To do
Going line by line through the records below, write out everything starting with the line containing "Mount Rainier National" and going on through the line containing "Bij het binnenkomen", exactly and inclusively. Pictures do not go in.

(Beginning of Data excerpts)

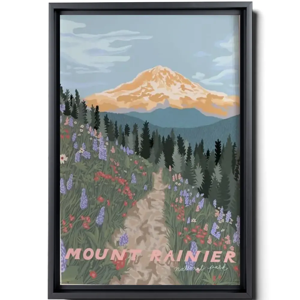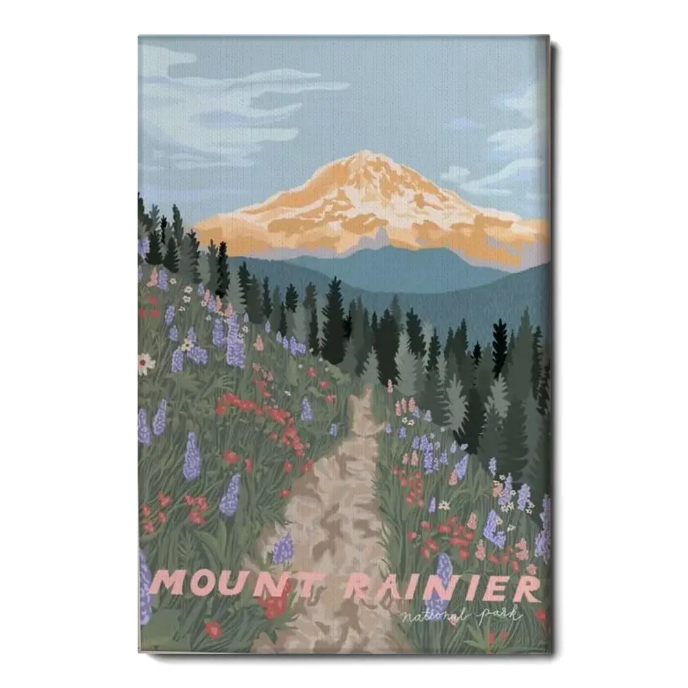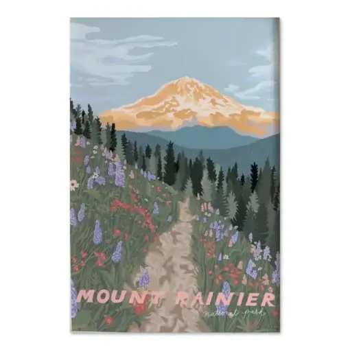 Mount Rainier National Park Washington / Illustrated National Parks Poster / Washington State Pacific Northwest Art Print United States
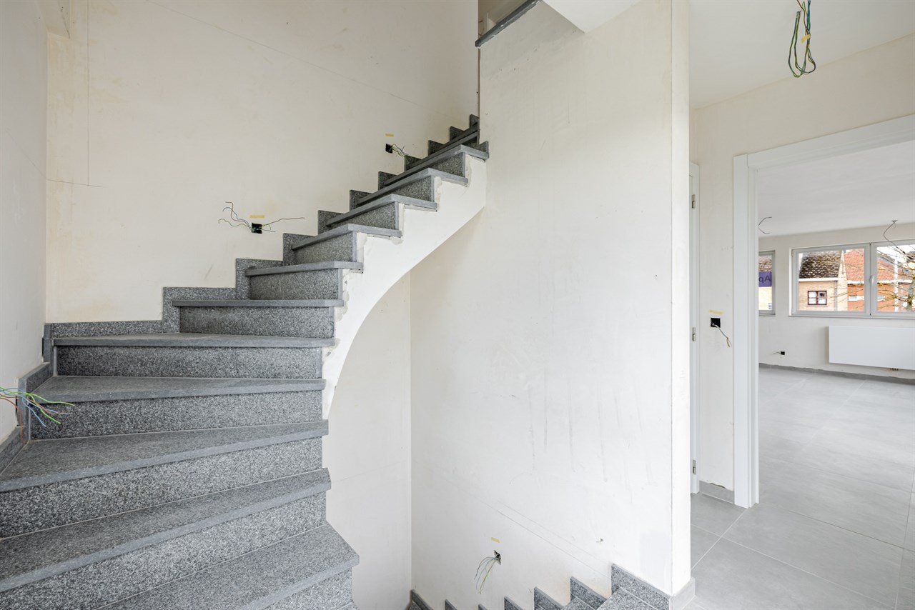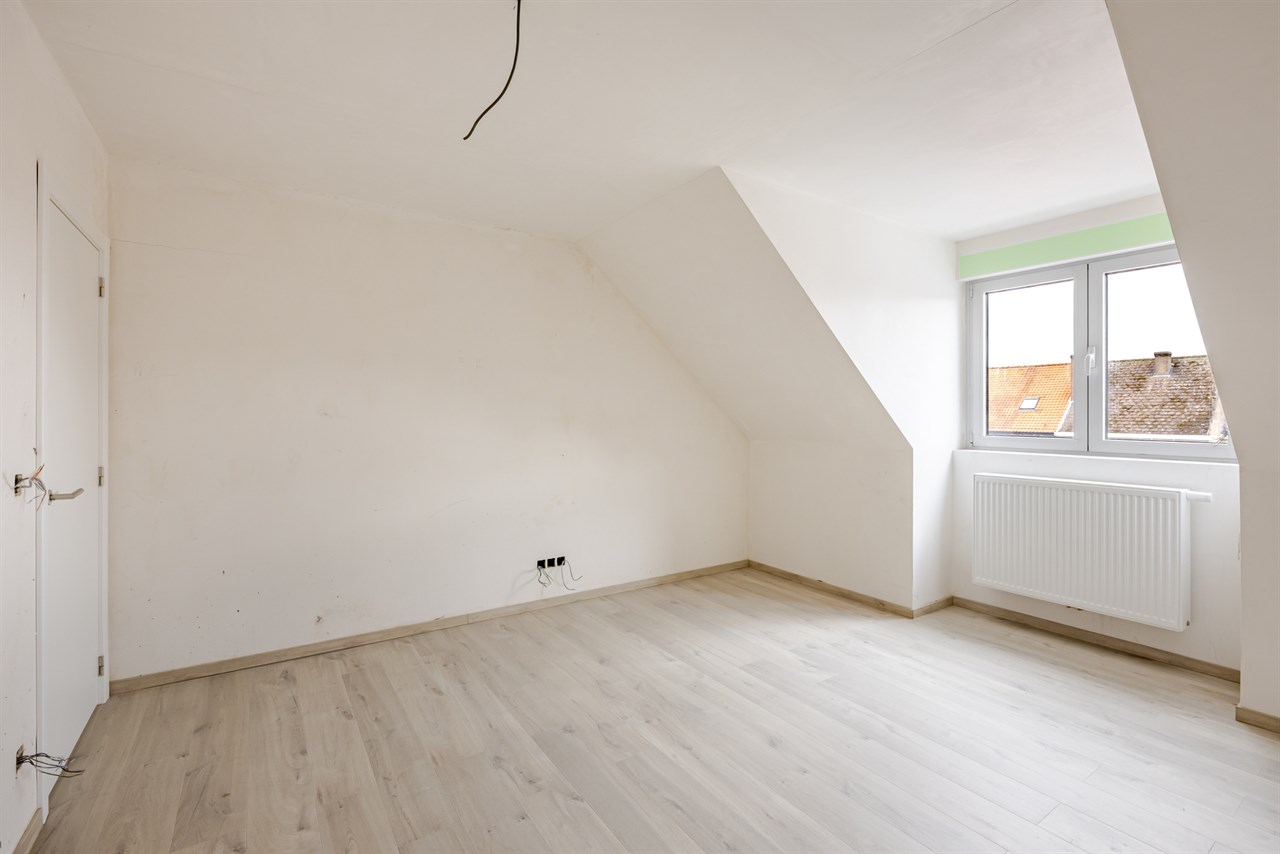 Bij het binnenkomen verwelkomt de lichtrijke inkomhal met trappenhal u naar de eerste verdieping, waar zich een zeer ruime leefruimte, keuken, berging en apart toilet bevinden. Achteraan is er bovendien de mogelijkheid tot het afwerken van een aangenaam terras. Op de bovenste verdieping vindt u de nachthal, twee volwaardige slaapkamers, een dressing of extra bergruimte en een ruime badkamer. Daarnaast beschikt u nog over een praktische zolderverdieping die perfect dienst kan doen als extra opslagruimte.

(End of Data excerpts)
(Beginning of Data excerpts)

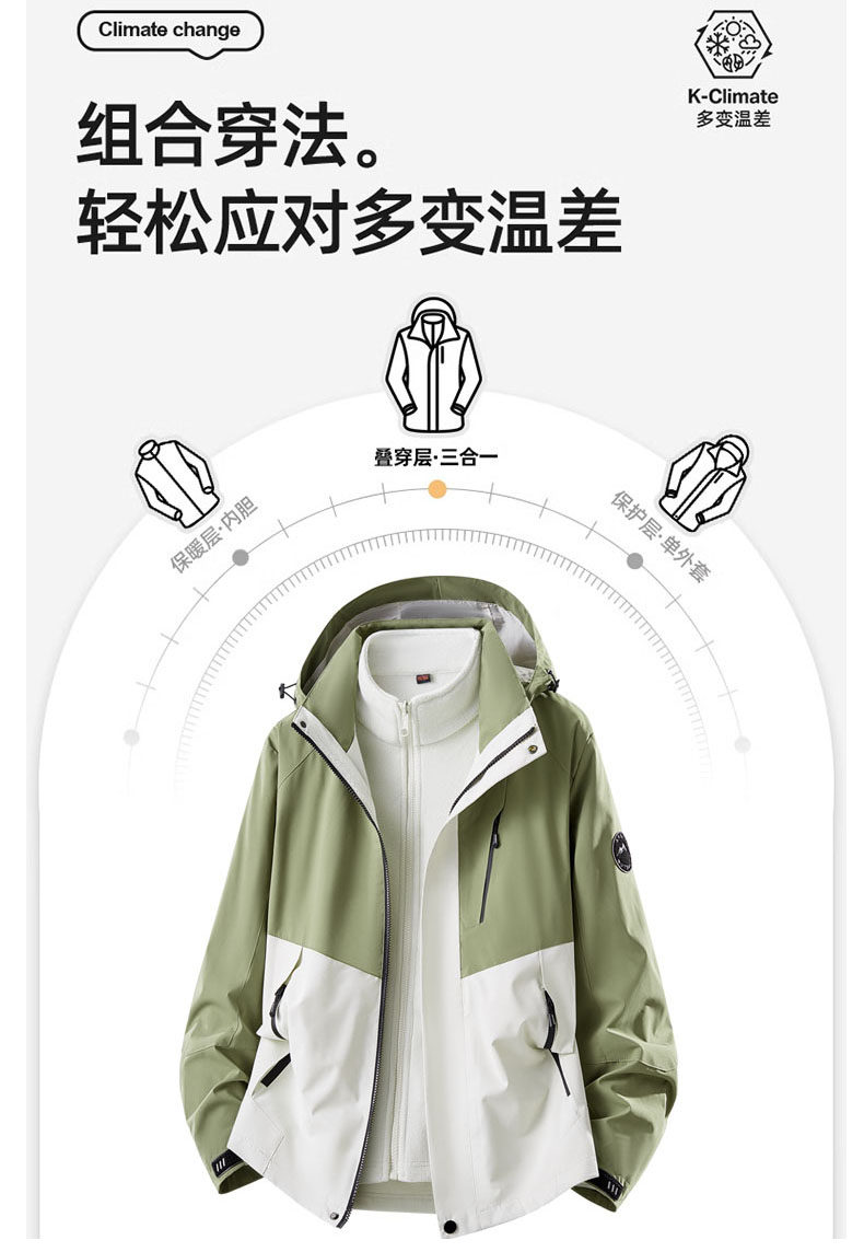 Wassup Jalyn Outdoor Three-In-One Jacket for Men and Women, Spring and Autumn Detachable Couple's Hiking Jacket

(End of Data excerpts)

Answer to this task
 Mount Rainier National Park Washington / Illustrated National Parks Poster / Washington State Pacific Northwest Art Print United States
 Bij het binnenkomen verwelkomt de lichtrijke inkomhal met trappenhal u naar de eerste verdieping, waar zich een zeer ruime leefruimte, keuken, berging en apart toilet bevinden. Achteraan is er bovendien de mogelijkheid tot het afwerken van een aangenaam terras. Op de bovenste verdieping vindt u de nachthal, twee volwaardige slaapkamers, een dressing of extra bergruimte en een ruime badkamer. Daarnaast beschikt u nog over een praktische zolderverdieping die perfect dienst kan doen als extra opslagruimte.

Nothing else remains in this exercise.